Arquétipos e mitos da psicologia social figueirense
Um ensaio de António Tavares, publicado na revista Litorais nº7, em novembro de 2007
O MAR FESTIVO
A Figueira da Foz é sinónimo de praia. Ainda hoje. Não porque seja uma referência dos nossos dias como estância balnear, mas porque a praia foi a melhor e a mais forte das suas imagens de marca. Não interessa aduzir aqui das razões que levaram à decadência da Figueira e Buarcos como destino de férias de Verão, mas atentar na importância que teve o nascimento e o apogeu da praia na conformação do carácter das gentes.
Na Figueira da Foz, a praia começou a ganhar importância com as acessibilidades ferroviária e rodoviária. A abertura da linha da Beira Alta e da linha do Oeste (1882 e 1888, respectivamente) e a ligação à linha do Norte (1889) vieram permitir uma ligação fácil ao interior beirão e a Espanha, bem como a toda a região do Oeste e à capital. O mesmo sucedeu com a acessibilidade rodoviária, nomeadamente as estradas de ligação a Coimbra (1871) e e Leiria (1875) (8).

O Bairro Novo de Santa Catarina teve o lançamento da primeira pedra em 1869 e constituiu o rasgar da frente atlântica da cidade. Com ele, a cidade voltou-se definitivamente para o mar, mas foi também nesta altura que a parte velha da urbe se consolidou na sua relação com o rio – referimo-nos ao aterro das praias/praças. Surgiram as primeiras unidades hoteleiras e as agremiações de convívio, lazer e jogo.
A partir daqui, a Figueira da Foz vergar-se-ia ao esplendor da praia e ao glamour que lhe estava associado. Não vale a pena descrever essa ambiência já saturadamente exposta, esse “décor” chic, pequeno-burguês, às vezes com laivos de pretensão intelectual. A Figueira passa a ser isso, embora esta situação apenas corresponda a uma parte do ano: o período de vereneio. Cedo, o figueirense percebeu que a economia do turismo poderia ser uma forma de sustento para o ano todo, mas ainda que do ponto de vista material fosse difícil esticar o Verão, no espírito era possível – bastava hibernar o resto do ano. Certo é que, o figueirense, inicialmente à perda estival e procurou manter acesa alguma da sua ambiência própria – teatros, casinos, associações de convívio e recreio procuravam saciar a “fome de Verão” que se instalava no final deste. “Havia, sobretudo, os retiros de comes-e-bebes que davam ao Outono – ventoso e agreste – a ilusão de ainda ser Estio“, refere Luís Cajão (9) e adianta, “Cidade estroina, a minha (…) a respirar na «época morta» balões de oxigénio estivais, cada um deles mais festivo e estimulante que o anterior”. Esta boémia, confessa Luís Cajão, era uma forma de “prolongar um Verão eufórico e transitoriamente cosmopolita“.

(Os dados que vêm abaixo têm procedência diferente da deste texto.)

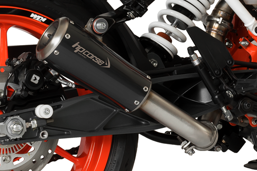 サイレンサー GP-07 ブラック ローポジション(アルミリング DB キラー付)+リンクパイプ スリップオン オリジナルコレクター KTM 390 DUKE 用(ホモロゲーション非対応、レース用パーツのみ)。
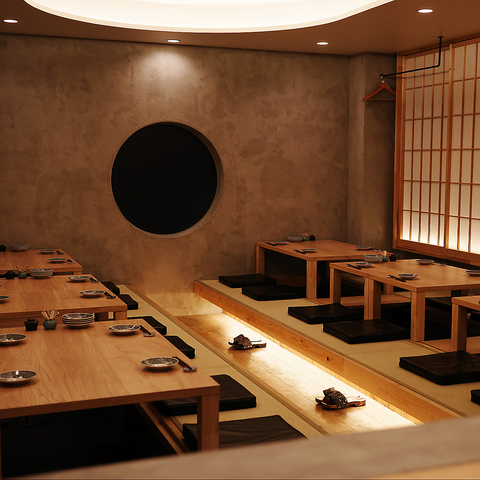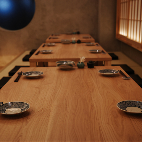 | 貸切 | 14名様×2 | 貸切は最小20名様~OK!最大24~28名様の掘り炬燵とカウンターが6席! |
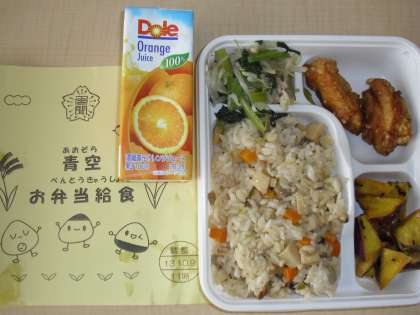 10月9日、この日の給食は、お弁当給食。
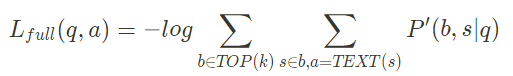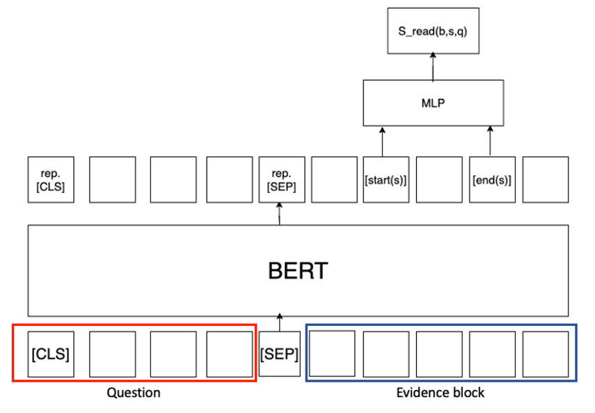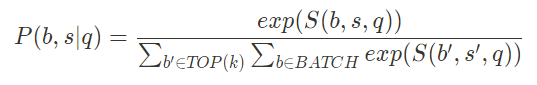 s : span of text within block b / Top(k) : S_retr ๋ฅผ ๊ธฐ๋ฐ์ผ๋ก ๋ฝ์ k ๊ฐ์ ๊ฒ์๋ evidence block ์ ์๋ฏธํ๋ค.
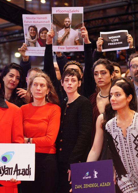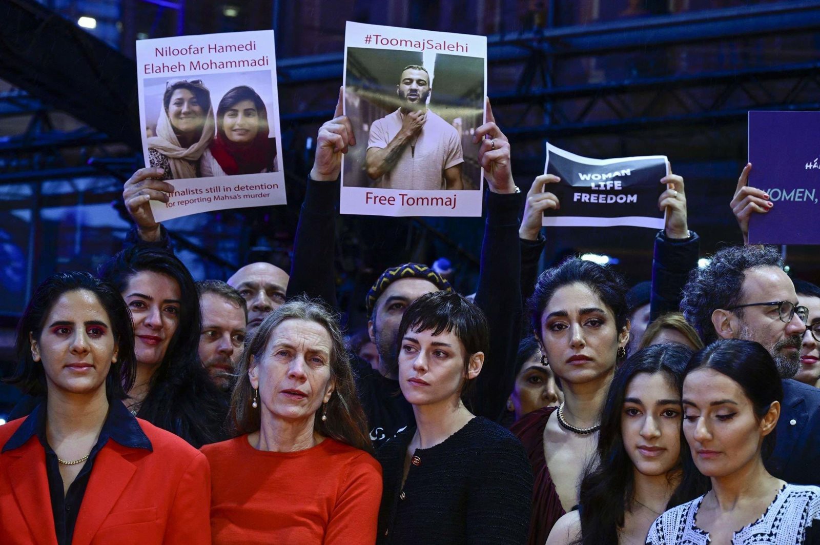 مهرجان برلين، شهدت السجادة الحمراء للمهرجان العالمي في فاعليات اليوم الثالث، وقفة نسائية للتضامن مع الاحتجاجات التي تشهدها دولة إيران.

Aos poucos, no entanto, a situação mostrou-se impossível de sustentar e o figueirense passou a viver sempre num estado de insatisfação permanente, de falta, de apetite latente que não encontra o que mastigar. Ainda hoje é assim, mas no passado este rush era muito mais acentuado. Esta “fome de Verão” confere ao figueirense um carácter bipolar: esfusiante, quando a cidade é invadida pelos banhistas e melancólico e triste, quando se instala a pacatez do Outono. Vemo-lo nos nossos dias e percebemos como a situação deve, de início, ter sido devastadamente desoladora; ainda hoje, o final da praia coincide com o período em que fecham as esplanadas, os bares e os restaurantes, desaparece o tráfego febril, os estabelecimentos comerciais esvaziam-se e os apartamentos de segunda habitação correm as persianas, que vão ganhando pó e escurecendo, companheiras pesadas e tristes do estado psicológico que assalta as gentes. Sinal particular da “fome de Verão” é a contagem incessante (por estimativa, ou “a olho”) do número de visitantes. No início e no final da época as conversas rondavam à volta deste tema, num arrepio constante de se poder contabilizar neste afluxo um número inferior ao do período anterior. Se o afluxo é baixo, a melancolia instala-se mais cedo e o figueirense torna-se neurótico e saudoso.

[continua]
(8) Acrescem outros factores, como o enriquecimento da classe burguesa, e mais tarde, a melhoria generalizada do nível de vida e o direito a férias que hão-de levar à massificação (democratização) da praia como factor de lazer.
(9) As Torrentes da Memória, Palas Editores, Lisboa, 1979.